• [Exercise data]
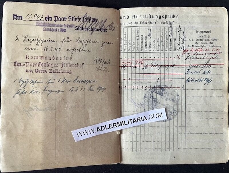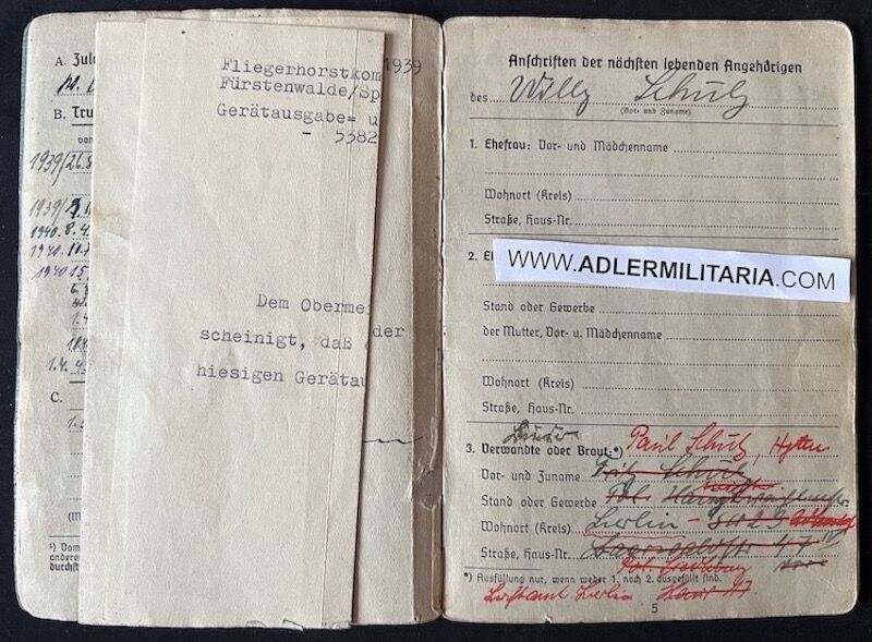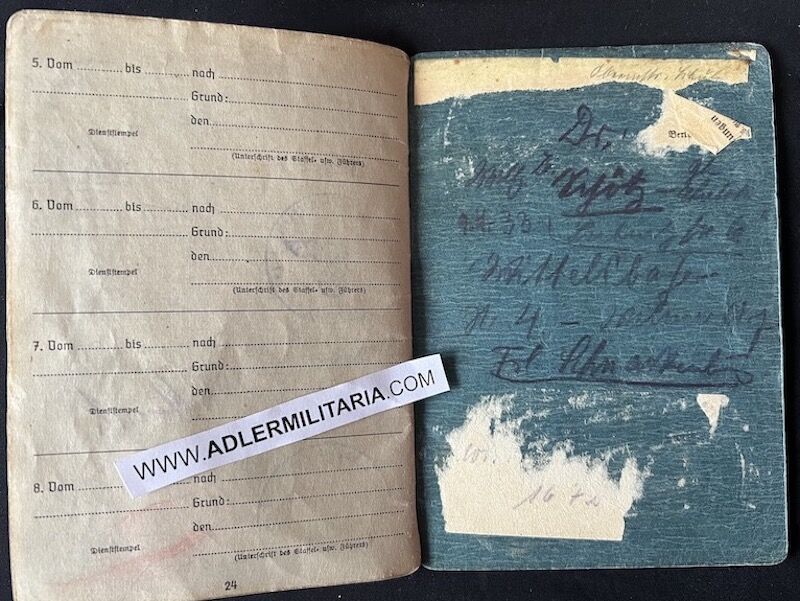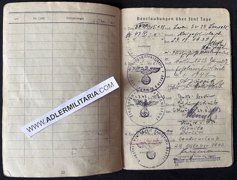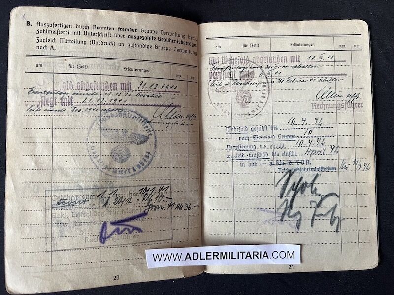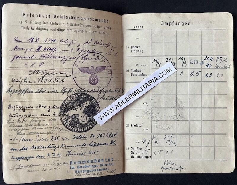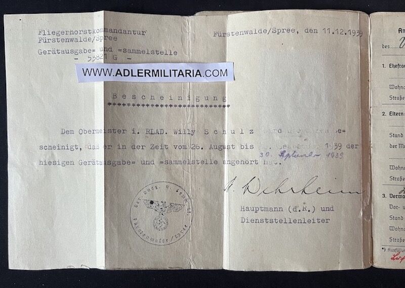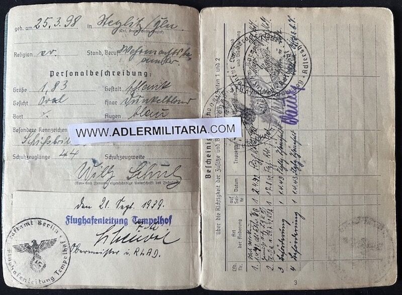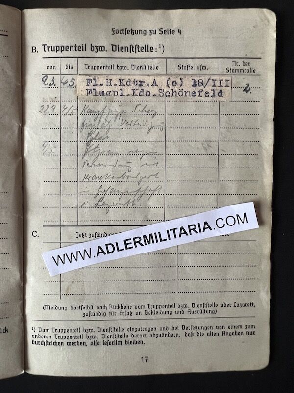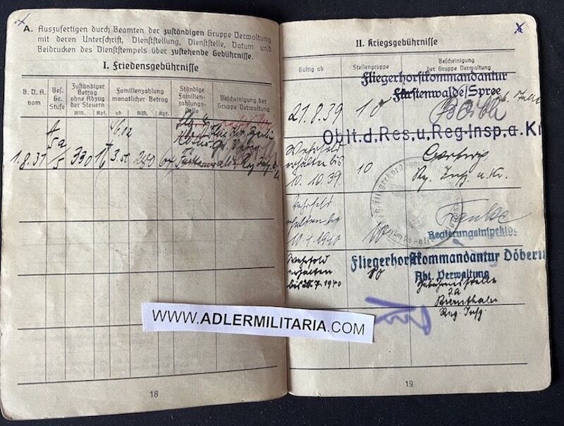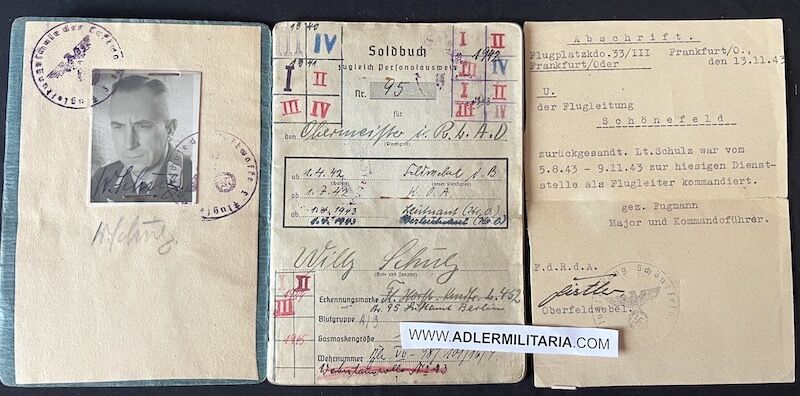 This is an exceptional Soldbuch, simply because he served in all the famous airports in Berlin as Flugleiter, meaning he was in some sort of Air Traffic control role.
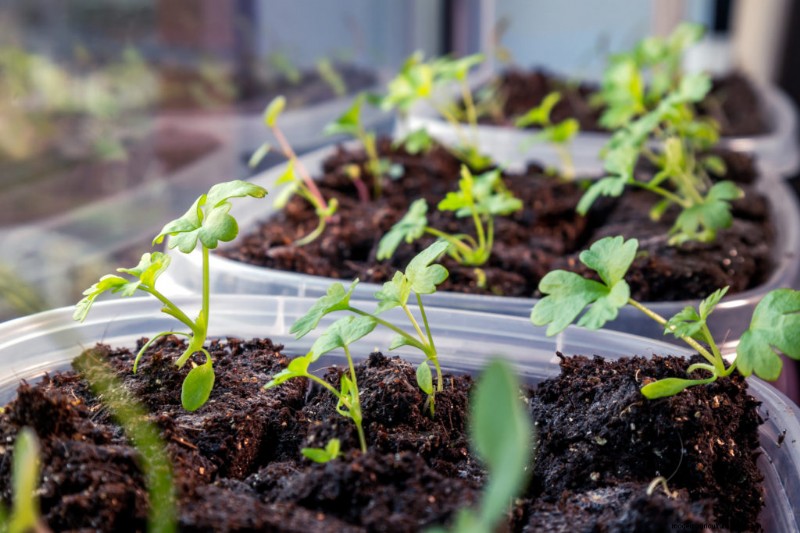 At this stage, the young seedlings will need plenty of compost in the potting mix to feed them for the time they’ll be spending indoors.
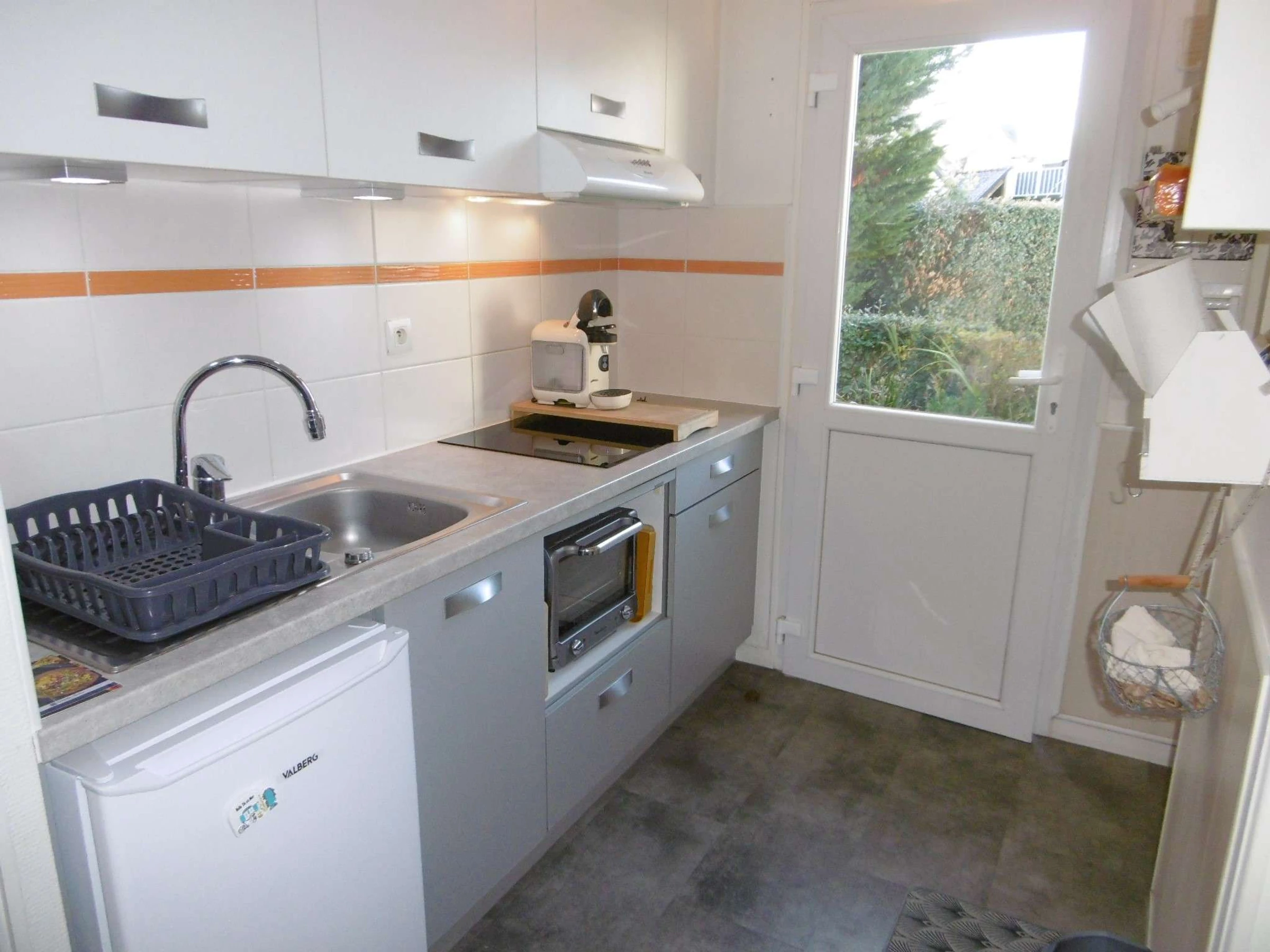Equipement : réfrigérateur, four électrique, 3 plaques à induction, lave-linge, cafetière, grille-pain, TV.

• [Instructions for the task] In your reply, every line of the material should appear exactly as written, and no picture should.

• [Output of the exercise]
 This is an exceptional Soldbuch, simply because he served in all the famous airports in Berlin as Flugleiter, meaning he was in some sort of Air Traffic control role.
 At this stage, the young seedlings will need plenty of compost in the potting mix to feed them for the time they’ll be spending indoors.
Equipement : réfrigérateur, four électrique, 3 plaques à induction, lave-linge, cafetière, grille-pain, TV.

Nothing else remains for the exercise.